Mw-mcrouter
This is the daemonset proxying all mediawiki memcached requests, to our memcached cluster. It is running the almighty mcrouter
mcrouter image and exporter
Image is in the production images repo, where the defaults are set.
Image version in production is defined in the puppet repo under profile::kubernetes::deployment_server::general:common_images
Daemonset
mw-mcrouter is running as a daemonset, i.e. every k8s node is running an instance of it. This includes the dedicated kubernetes nodes running kask, thus there mw-mcrouter pods with no traffic at all.
Service
mw-mcrouter
is using the mcrouter chart.
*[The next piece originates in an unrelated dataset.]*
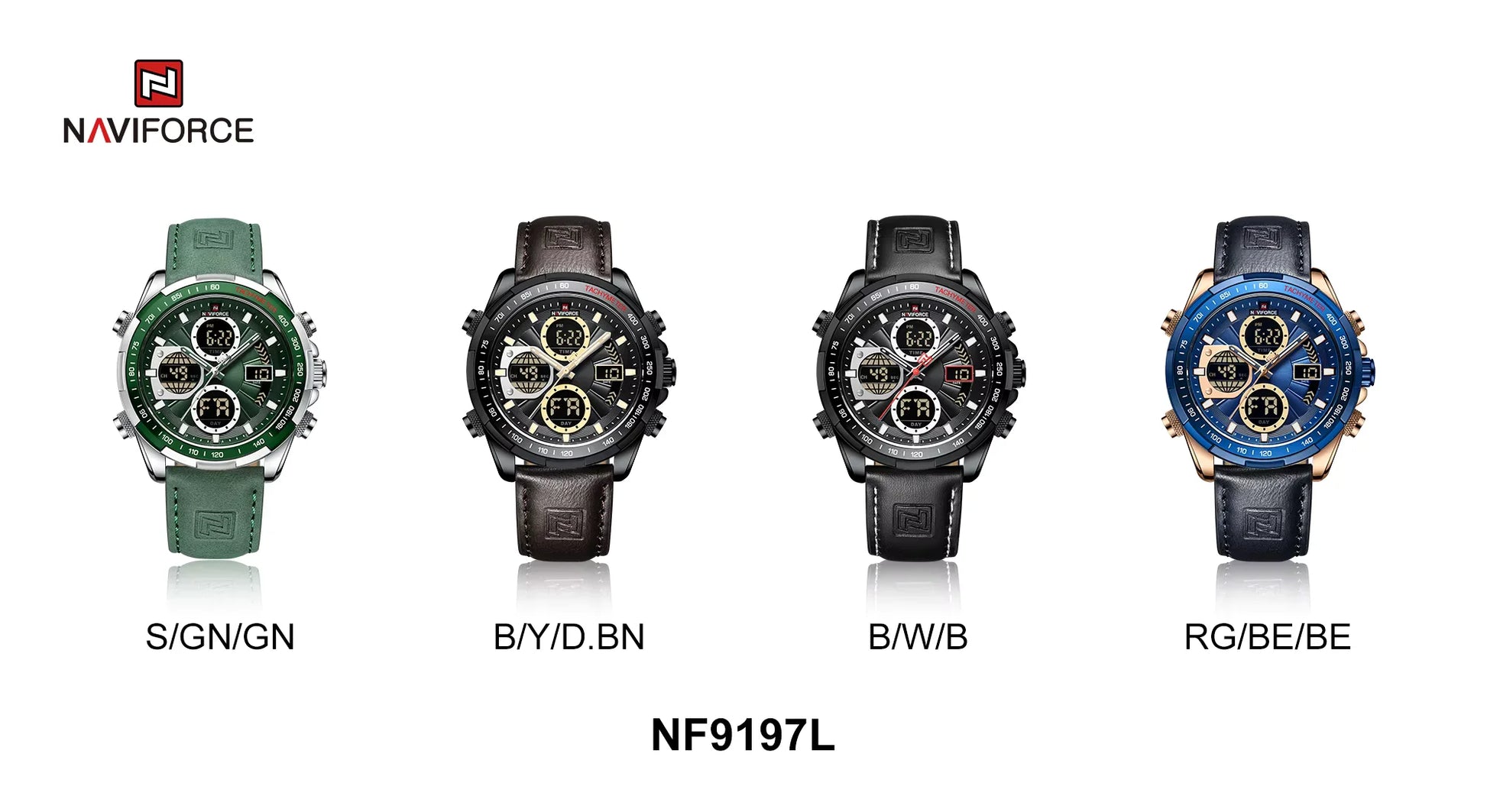 NAVIFORCE 9197L Men's Military Watch – Analog Digital Display, Waterproof, Leather Strap, Alarm & Calendar

Notable keys in values.yaml
:
cache:mcrouter:public_service: true
enables mcrouter as a standalone serviceservice:use_node_local_endpoints: true
routes requests to the node-local endpoint of a podcache:mcrouter:service:clusterIP
Static IP (per DC) where the service listens, as defined in Kubernetes/Service_ips- eqiad ClusterIP: 10.64.72.12
- codfw ClusterIP: 10.192.72.12
values-eqiad.yaml
cache:
mcrouter:
service:
clusterIP: 10.64.72.12
enabled: true
route_prefix: eqiad/mw
zone: eqiad
routes:
- route: /eqiad/mw
pool: eqiad-servers
failover_time: 600
- route: /codfw/mw
pool: codfw-servers
failover_time: 600
- route: /eqiad/mw-wan
failover_time: 600
pool: eqiad-servers
replica:
route: /codfw/mw-wan
pool: codfw-servers
Deployment
In the mcrouter chart, in daemonset.yaml, this ds is configured to update one pod at a time.
spec:
updateStrategy:
type: RollingUpdate
rollingUpdate:
maxUnavailable: 1
During an mw-mcrouter deployment:
- Generally, mcrouter's configuration or image are rarely in need for an update
- In case of new image being pulled, deployment may take as long as 15'
- This is due to
maxUnavailable: 1
above
- This is due to
- Alerts for elevated mw-memcached errors
- Alerts for mw-mcrouter helmfile being in a bad state
- All the alerts above will clear
- If deployment is stuck due to eg a node having insufficient resources to host the mcrouter
Testing changes
The safest way to test changes in mcrouter is to switch the mw-debug mediawiki deployment to use the in-pod mcrouter container. This is described in the next section
Switching Mediawiki to in-pod mcrouter container
While it sounds complicated, it is not. To switch mw-debug
in eqiad to use the in-pod container, the following stanza must be added:
mw-debug/values-eqiad.yaml
cache:
mcrouter:
enabled: true
route_prefix: eqiad/mw
zone: eqiad
routes:
- route: /eqiad/mw
pool: eqiad-servers
failover_time: 600
- route: /codfw/mw
pool: codfw-servers
failover_time: 600
- route: /eqiad/mw-wan
pool: eqiad-servers
failover_time: 600
replica:
route: /codfw/mw-wan
pool: codfw-servers
# Wikifunctions routes, omitted in production
# - route: /local/wf
# pool: wf-eqiad
# # No failover for wikifunction
# failover_time: 0
#
# use only if testing new images
# common_images:
# mcrouter:
# mcrouter: mcrouter:2023.07.17.00-1-20240714
# exporter: prometheus-mcrouter-exporter:0.0.1-3-20240714
php:
envvars:
MCROUTER_SERVER: "127.0.0.1:11213"
STATSD_EXPORTER_PROMETHEUS_SERVICE_HOST: false
# MCROUTER_SERVER: "10.64.72.12:4442" # mcrouter-main.mw-mcrouter.svc.cluster.local
Troubleshooting
When dealing with Kubernetes, your answer may be found in Kubernetes kubectl Cheat Sheet
Memcached server is down
That is ok, the gutter pool will pick up its traffic.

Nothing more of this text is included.